Eval is evil, part two

As I promised, more information on why eval is evil. (We once considered having T-shirts printed up that said “Eval is evil!” on one side and “Script happens!” on the other, but the PM’s never managed to tear themselves away from their web browsing long enough to order them.)

Incidentally, a buddy of mine who is one of those senior web developer kinda guys back in Waterloo sent me an email yesterday saying “Hello, my name is Robert and I am an evalaholic”. People, it wasn’t my intention to start a twelve step program, but hey, whatever works!

As I discussed the other day, eval on the client is evil because it leads to sloppy, hard-to-debug-and-maintain programs that consume huge amounts of memory and run unnecessarily slowly even when performing simple tasks. But like I said in my performance rant, if it’s good enough, then hey, it’s good enough.  Maybe you don’t need to write maintainable, efficient code. Seriously! Script is often used to write programs that are used a couple of times and then thrown away, so who cares if they’re slow and inelegant?

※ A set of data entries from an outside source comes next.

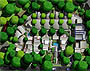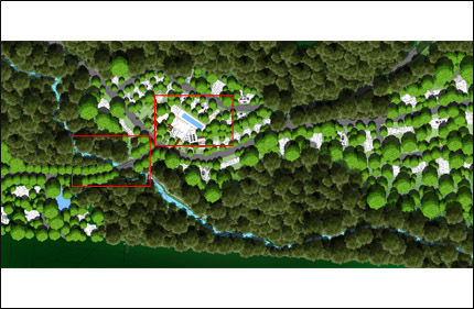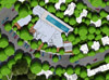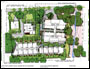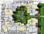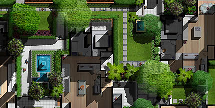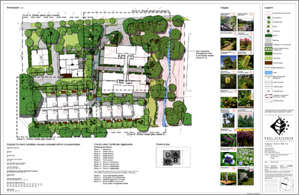 Detailed floor plan / garden layout shows relationship between internal & external spaces. |
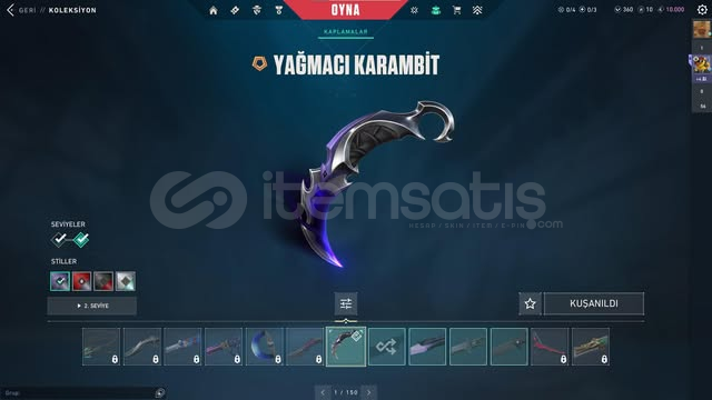 Örn; 4 renk paketi + 5 yükseltme varsa bile 1 skin olarak kabul edilecektir.
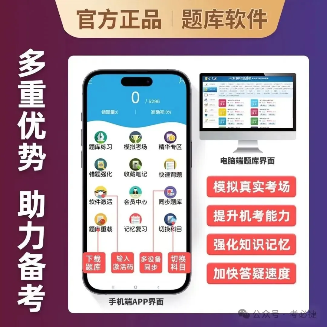 下载金考典app→找到所需科目→点【软件激活】→输入激活码。③ 4次激活次数,对应可以激活4台设备,每台设备仅需激活1次即可长期使用,题库实时免费更新。注意:没激活的情况下,只有第一章第一节能免费做题哦。需要激活码的同学,可添加客服微信1:JKD6898 微信2:CPIC2025 ,或扫描下方二维码直接添加好友购买,即可享受粉丝价格!激活过程有任何问题,都可以问我们客服哟~

But eval on the server is an entirely different beast. First off, server scenarios are generally a lot more performance sensitive than client scenarios.  On a client, once your code runs faster than a human being can notice the lag, there’s usually not much point in making it faster.  But  as I mentioned earlier, ASP goes to a lot of work to ensure that for a given page, the compiler only runs once. An eval defeats this optimization by making the compiler run every time the page runs! On a server, going from 25 ms to 40 ms to serve a page means going from 40 pages a second to 25 pages a second, and that can be expensive in real dollar terms.

But that’s not the most important reason to eschew eval on the server.  Any use of eval (or its VBScript cousins Eval, Execute and ExecuteGlobal) is a potentially enormous security hole:

<%
  var Processor_ProductList;
  var Software_ProductList;
  var HardDisk_ProductList;
  // ...
  CategoryName = Request.QueryString("category");
  ProductList = eval(CategoryName & "_ProductList");
  // ...

What’s wrong with this picture?  The server assumes that the client is not hostile.  Is that a warranted assumption?  Probably not!  You know nothing about the client that sent the request.  Maybe your client page only sends strings like “Processor” and “HardDisk” to the server, but anyone can write their own web page that sends

((new ActiveXObject('Scripting.FileSystemObject')).
DeleteFile('C:*.*',true)); 
Processor

which will cause eval to evaluate

((new ActiveXObject('Scripting.FileSystemObject')).
DeleteFile('C:*.*',true)); 
Processor_ProductList

Obviously that’s a pretty unsophisticated attack.  The attacker can put any code in there that they want, and it will run in the context of the server process.  Hopefully the server process is not a highly privileged one, but still, there’s vast potential for massive harm here just by screwing up the logic on your server.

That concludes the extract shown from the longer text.